Green shoulder (a.k.a. Yellow Shoulder, Greenback) is characterized by green or yellow tissue under the peel near the stem of the fruit (shoulder). As the fruit ripens, these areas tend to become more green and yellow and never ripen properly leading to green shoulder. The tissue is often hard even when the rest of the tomato is ripe.
Green shoulder is considered a ripening disorder. Like other ripening disorders it is more common in genotypes lacking the “uniform ripening” gene. Ripening disorders, however, are not strictly genetic because they are associated with a number of environmental factors including high temperatures, light levels, and relative humidity as well as the nutritional status of the crop.
High temperatures reduce photosynthesis and the amount of water and sugars that are transported to fruits and leaves. The lack of photosynthates moving through the phloem to the sink tissues limits the amount of nutrients they receive. This results in a number of deficiencies including potassium (K) deficiency.
The main physiological disorders associated with K deficiency are ripening disorders such as green shoulder. K is thought to play an important role in green shoulder because there’s a higher chance of tomato fruits developing the disorder if they are experiencing K deficiency, and tomato fruit exhibiting green shoulder have lower levels of K than normal fruit.
An early symptom of K deficiency is leaf marginal necrosis. This is characterized by yellowing and browning of the tip of older leaves. K is a highly mobile element in plants because it travels mainly in the phloem. If K deficiency occurs in the plant, it is transported from older parts of the plant (leaves) to younger organs that are growing (fruit). This is why leaf marginal necrosis is usually indicative of K deficiency. Increasing the concentration of K and phosphorus (P) in the nutrient solution will help promote uptake of K and reduce the occurrence of yellow shoulder.
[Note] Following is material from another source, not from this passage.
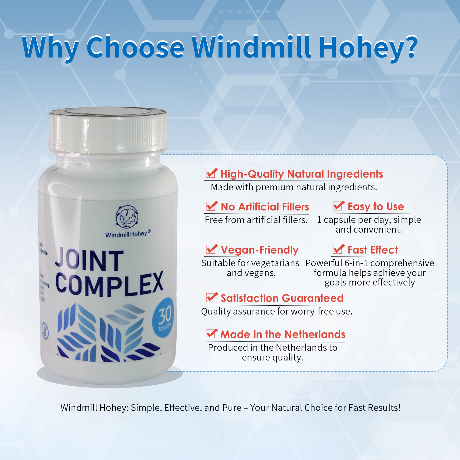 Our advanced joint support not only provides powerful anti-inflammatory action, but also promotes cartilage regeneration. With improved absorption and effectiveness, you can enjoy the many benefits of this supplement. Whether you suffer from joint pain or simply want to keep your joints healthy, our Joint Formula is the ideal solution. Trust the power of glucosamine, chondroitin, and MSM to support your joints and improve your mobility. Don’t wait any longer – invest in your joint health with our highly effective joint formula. Order today and experience the benefits of strong joint support!

Green shoulder also develops when the fruit is irradiated by direct sunlight during development. Remember that direct sunlight degrades the red lycopene pigment. More specifically, green shoulder is affected by infrared and shortwave radiation. The intensity of red light also has a positive effect on the synthesis of the green/yellow carotenoid pigment that contributes to the yellowing of the fruit tissue.
A multi-pronged strategy is recommended to reduce the occurrence of green shoulder under high temperatures. This includes increased shading of fruit and promotion of K uptake. For example, P supplementation significantly improves growth of upper leaves that provide shade for lower developing fruits, and it promotes uptake of K as well as other nutrients (nitrogen (N), calcium (Ca) and magnesium Mg).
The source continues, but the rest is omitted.